Whole corneas were excised, flattened by making radial incisions, washed in PBS 4% FBS, and then incubated in 1% paraformaldehyde for 2 hours. The corneas were then washed two more times in PBS 4% FBS, incubated with the appropriate antibodies overnight at 4°C, washed in PBS 4% FBS for 15 min at 4°C three more times, and then mounted. Draining lymph nodes were excised, halved and carefully washed in PBS 4% FBS; Fc receptors were blocked by incubation with anti-CD16/CD32 for 1 hour at 4°C, and DLN were then incubated with the appropriate antibodies overnight, followed by five 20 min washes in PBS 4% FBS. The DLN were then treated with 2% paraformaldehyde for 2 hours at 4°C, and then washed in PBS 4% FBS for 20 min three times before mounting.
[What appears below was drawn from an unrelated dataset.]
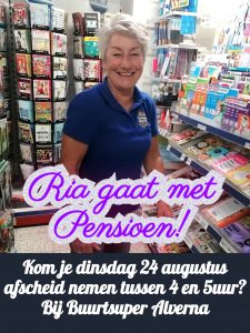 De gezellige Buurtsuper Alverna laat op haar media weten: “Onze lieve Ria gaat met pensioen! Na ruim 20 jaar trouwe dienst mag ze gaan genieten van haar welverdiende rust.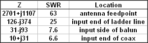Including all the components of the antenna system in the model definitely makes a difference. For example, at a frequency of 21.225 MHz (center of 15m) here's how the impedance and SWR values change as you "work backwards" from the antenna to the station.

Images of corneas and DLN were acquired on an Olympus Fluoview 1000× confocal microscope with a 1.4 NA 60× oil objective, a 1.4 NA 40× oil objective, or a 0.85 NA 20× oil objective. Images were acquired by sequential scanning to avoid fluorescence crossover, and Z stacks were acquired at Nyquist sampling frequency through the tissue. All image reconstructions were made using Fiji (20).

Statistical analysis

All statistical analyses were computed with GraphPad Prism software, using unpaired t tests or one – way ANOVA with Bonferroni’s posttest. The p values < 0.05 were considered statistically significant.

Results

DC depletion of CD11c-DTR mice is selective and transient

We employed protocols in which CD11c-DTR chimeric mice were selectively depleted of corneal DC by local subconjunctival (sconj) DT injection, or were systemically depleted of DC by i.p. DT treatment. The sconj DT treatment efficiently and selectively depleted DC from the cornea (Fig. 1A), whereas i.p. DT treatment depleted DC from both the cornea and the DLN (Fig. 1B). DC depletion from both tissues was transient, such that a single DT treatment 2 days before corneal HSV-1 infection depleted DC from the cornea and DLN (i.p. treatment) or selectively from the cornea (sconj treatment) through 0 dpi with initial recovery of DC observed at 1 dpi (Fig. 1C&D).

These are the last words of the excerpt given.